BLBG:Crude Oil Tumbles in New York and London After S&P Downgrades U.S. Rating
Oil plunged in New York after Standard & Poor’s lowered the U.S. credit rating from the highest level, stoking concern that an economic slowdown in the world’s biggest crude consumer will worsen and cut fuel demand.
Futures tumbled as much as 3.7 percent to trade near the lowest intraday price in more-than eight months after S&P announced on Aug. 5 that it had cut the AAA rating to AA+ in response to the deal President Barack Obama and lawmakers reached to raise the $14.3 trillion debt limit. Asian stocks, U.S. equity futures and the dollar also fell. Group of Seven nations said they’ll take action to stabilize financial markets.
“Oil will remain soft while optimism is dashed and consumer confidence is under pressure,” said Jonathan Barratt, a managing director of Commodity Broking Services Pty in Sydney, who predicts crude in New York will average $100 a barrel this year. “There’s a little bit of carnage, there’s no doubt. It’s just overkill at the moment, a knee-jerk reaction.”
Crude for September delivery fell as much as $3.20 to $83.68 a barrel in electronic trading on the New York Mercantile Exchange, and was at $84.00 at 1:32 p.m. Sydney time. The contract rose 25 cents to settle at $86.88 on Aug. 5 after dropping as low as $82.87, the lowest intraday price since Nov. 26. Prices slid 9.2 percent last week, the biggest decline since May, and are up 3.2 percent the past year.
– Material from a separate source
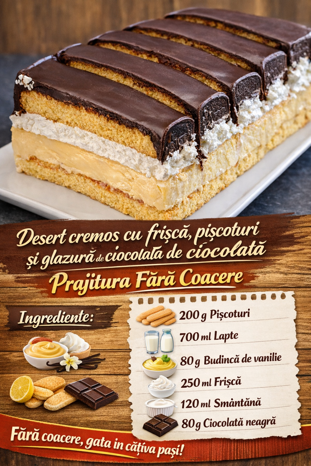 Apoi puneti piscoturile ramase inmuiate in lapte peste frisca batuta si turnati peste glazura de ciocolata, pe care ati pregatit-o din smantana de gatit fierbinte si ciocolata neagra sparta.

Brent oil for September settlement was at $106.52 a barrel on the London-based ICE Futures Europe exchange after sliding as much as 2.9 percent to $106.20. The European benchmark contract was at a premium of $22.59 to U.S. futures, compared with a record close of $22.67 on Aug. 2.
Global Sell-off
“While the U.S. downgrade is dominating headlines, troubles in Europe are also undermining markets,” economists at Australia & New Zealand Banking Group Ltd., led by Warren Hogan, wrote in a note today. The bank estimates oil will average $100 a barrel in the third quarter. “Progress in dealing with the euro-zone sovereign debt remains painfully slow.”
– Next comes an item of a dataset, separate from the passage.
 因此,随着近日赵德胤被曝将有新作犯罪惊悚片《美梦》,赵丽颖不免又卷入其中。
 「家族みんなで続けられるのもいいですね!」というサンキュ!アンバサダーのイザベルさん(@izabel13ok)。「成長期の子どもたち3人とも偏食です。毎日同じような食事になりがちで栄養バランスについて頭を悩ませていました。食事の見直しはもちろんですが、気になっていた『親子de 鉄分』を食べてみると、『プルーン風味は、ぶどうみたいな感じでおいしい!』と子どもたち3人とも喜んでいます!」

The European Central Bank yesterday called on all euro-area governments to follow through on the measures agreed at a July 21 summit, including allowing the European Financial Stability Facility to purchase bonds on the secondary market, according to a statement issued in the name of President Jean-Claude Trichet after an emergency teleconference meeting of policy makers.
More than eight shares fell for each one that rose on MSCI’s Asia Pacific Index, which declined 7.8 percent last week, the steepest loss since October 2008. The MSCI All-Country World Index fell 0.1 percent today, following an eight-day, 11 percent slump spurred by a worsening European debt crisis worsened and reports on U.S. manufacturing and consumer spending that showed the world’s largest economy was slowing.
Bullish Bets Cut
Hedge funds cut bullish bets on crude oil by the most in more than six months on growing concern that the faltering economic recovery will sap energy demand, data showed last week.
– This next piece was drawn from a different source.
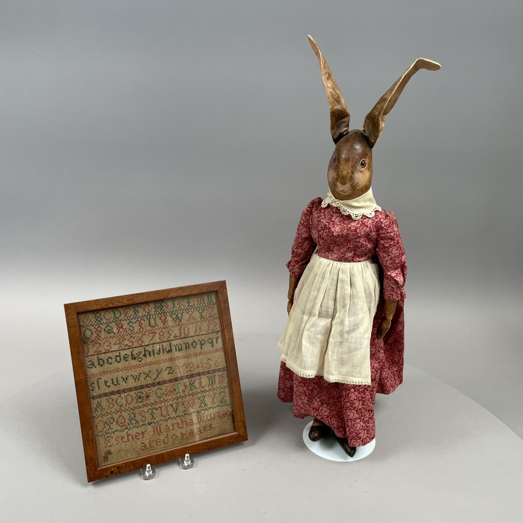 The needlework sampler stitched with alphabet and number rows, inscribed "Esther Martha Murray/ aged 9 years;" the rabbit signed on the back of the head "'Nancy Lee' by Jo Buckley 1979."

The funds and other large speculators cut wagers that prices will rise by 16 percent in the week ended Aug. 2, the most since Jan. 25, according to the Commodity Futures Trading Commission’s weekly Commitments of Traders report. Crude dropped 5.8 percent on the New York Mercantile Exchange in the period covered by the data.
Analysts surveyed by Bloomberg News before the U.S. ratings downgrade predicted crude in New York may decline this week on speculation the economy will weaken and reduce fuel consumption. Eighteen of 35 analysts, or 51 percent, forecast oil will decrease through Aug. 12. Nine respondents predicted prices will increase and eight estimated there will be little change.
Goldman Sachs Group Inc. maintained its 2012 forecast for Brent crude at an average of $130 a barrel and recommended investors hold a “long” trading position on December 2012 contracts, analyst David Greely said in an e-mail today.